## What you have to do
One exact copy of the listing, minus the images, is the required answer.

## Collected material
::::::::

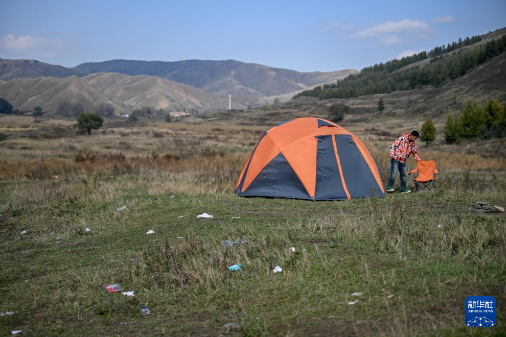 内蒙古呼和浩特附近一处自然保护区,垃圾散落在露营者的帐篷边上(10月4日摄)。
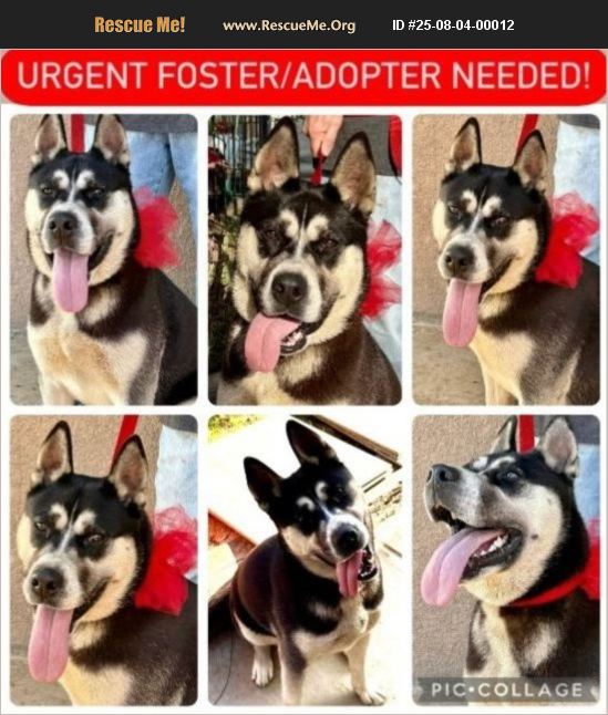 EXTREMELY URGENT DAKOTA NEEDS A FOSTER OR ADOPTER IMMEDIATELY! PLEASE SHARE! HER LIFE DEPENDS ON IT. Dakota is running out of time. This beautiful, young female Husky was found abandoned, wandering alone in a neighborhood with only a too-tight collar around her neck, no microchip, and no one looking for her. The kind-hearted Good Samaritans who brought her in gave her love, safety, and a warm place to rest. But they're struggling with serious physical disabilities and can no longer care for her, not because of anything Dakota has done, but because they physically can't keep up with her needs. And they REFUSE to send her to the shelter because they know it could be the end for her. The shelters are overflowing, and Dakota deserves so much more. This girl is a total water-loving, ball-chasing, zoomie-happy goofball with a HUGE heart and playful energy: She LOVES to play, splash, and run free. She's smart, eager to learn, and thrives on human interaction. She gets along with dogs but may overwhelm smaller, more timid pups with her playful energy. No cats please she'll chase. No small kids because although she's a LOVEBUG, she's clumsy and an excited girl. She needs leash training and structure, but she's so ready to learn. Around 50-60 pounds of pure fluff, fun, and sweetness. Dakota has a sweet, childlike soul. She just wants to love and be loved. She needs an active foster or adopter who can give her the space, guidance, and love she desperately craves. She would be amazing for a runner, hiker, or outdoorsy couple who wants a loyal adventure buddy. If you can help save Dakota, please contact Jennifer at Pumpkin Pawz Rescue ASAP: +1 (714) 366-8170 (text is best). Please don't scroll past her. Don't let her end up in a shelter. She has so much life and love to give. We can't let it end like this. Share this post everywhere you can. It takes a village. Let's save Dakota!
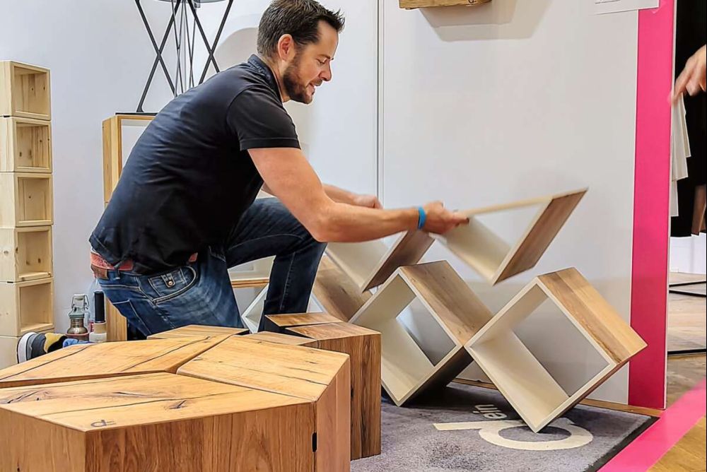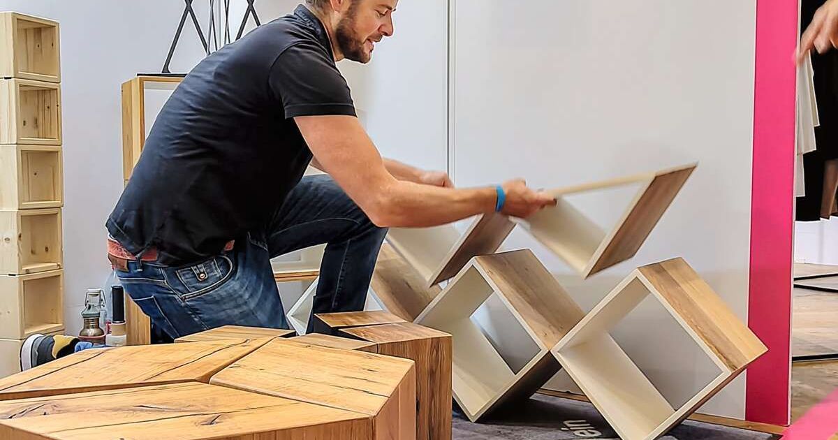 Drei Tage lang in Bewegung: Patrick Kurmann führt seine auf- und einfaltbaren Möbel vor, die sich vielfältig verwandeln lassen. Bild: Christian Härtel
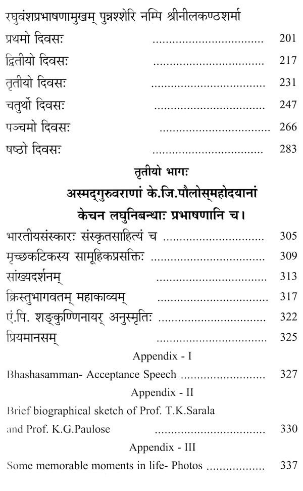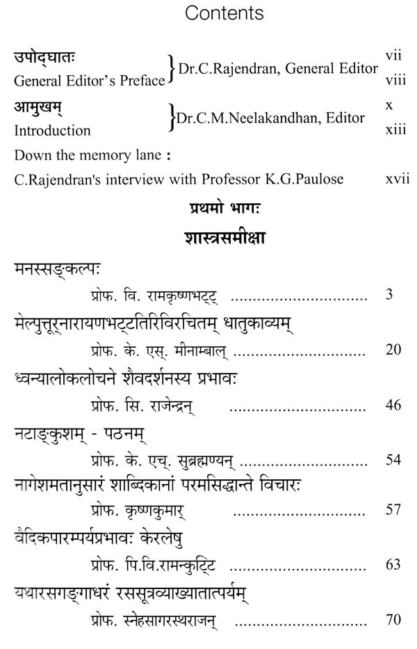 The present volume is divided into three sections. The first section is devoted to articles on various Sastras written by scholars of repute. The second section reproduces the famous talk entitled Punnasseriprabhasanam delivered by the great Sanskrit scholar and preceptor, Punnasseri Nambi Neelakantha Sarma, the founder of the famous Sanskrit College of Pattambi. It may be recalled in this connection that it was Prof. Paulose who published this rare work of immense cultural value for the first time. The third section contains the articles and lectures of Prof. Paulose which would give us an idea of the range and depth of his all round scholarship.

::::::::

## Written solution
 内蒙古呼和浩特附近一处自然保护区,垃圾散落在露营者的帐篷边上(10月4日摄)。
 EXTREMELY URGENT DAKOTA NEEDS A FOSTER OR ADOPTER IMMEDIATELY! PLEASE SHARE! HER LIFE DEPENDS ON IT. Dakota is running out of time. This beautiful, young female Husky was found abandoned, wandering alone in a neighborhood with only a too-tight collar around her neck, no microchip, and no one looking for her. The kind-hearted Good Samaritans who brought her in gave her love, safety, and a warm place to rest. But they're struggling with serious physical disabilities and can no longer care for her, not because of anything Dakota has done, but because they physically can't keep up with her needs. And they REFUSE to send her to the shelter because they know it could be the end for her. The shelters are overflowing, and Dakota deserves so much more. This girl is a total water-loving, ball-chasing, zoomie-happy goofball with a HUGE heart and playful energy: She LOVES to play, splash, and run free. She's smart, eager to learn, and thrives on human interaction. She gets along with dogs but may overwhelm smaller, more timid pups with her playful energy. No cats please she'll chase. No small kids because although she's a LOVEBUG, she's clumsy and an excited girl. She needs leash training and structure, but she's so ready to learn. Around 50-60 pounds of pure fluff, fun, and sweetness. Dakota has a sweet, childlike soul. She just wants to love and be loved. She needs an active foster or adopter who can give her the space, guidance, and love she desperately craves. She would be amazing for a runner, hiker, or outdoorsy couple who wants a loyal adventure buddy. If you can help save Dakota, please contact Jennifer at Pumpkin Pawz Rescue ASAP: +1 (714) 366-8170 (text is best). Please don't scroll past her. Don't let her end up in a shelter. She has so much life and love to give. We can't let it end like this. Share this post everywhere you can. It takes a village. Let's save Dakota!
 Drei Tage lang in Bewegung: Patrick Kurmann führt seine auf- und einfaltbaren Möbel vor, die sich vielfältig verwandeln lassen. Bild: Christian Härtel
 The present volume is divided into three sections. The first section is devoted to articles on various Sastras written by scholars of repute. The second section reproduces the famous talk entitled Punnasseriprabhasanam delivered by the great Sanskrit scholar and preceptor, Punnasseri Nambi Neelakantha Sarma, the founder of the famous Sanskrit College of Pattambi. It may be recalled in this connection that it was Prof. Paulose who published this rare work of immense cultural value for the first time. The third section contains the articles and lectures of Prof. Paulose which would give us an idea of the range and depth of his all round scholarship.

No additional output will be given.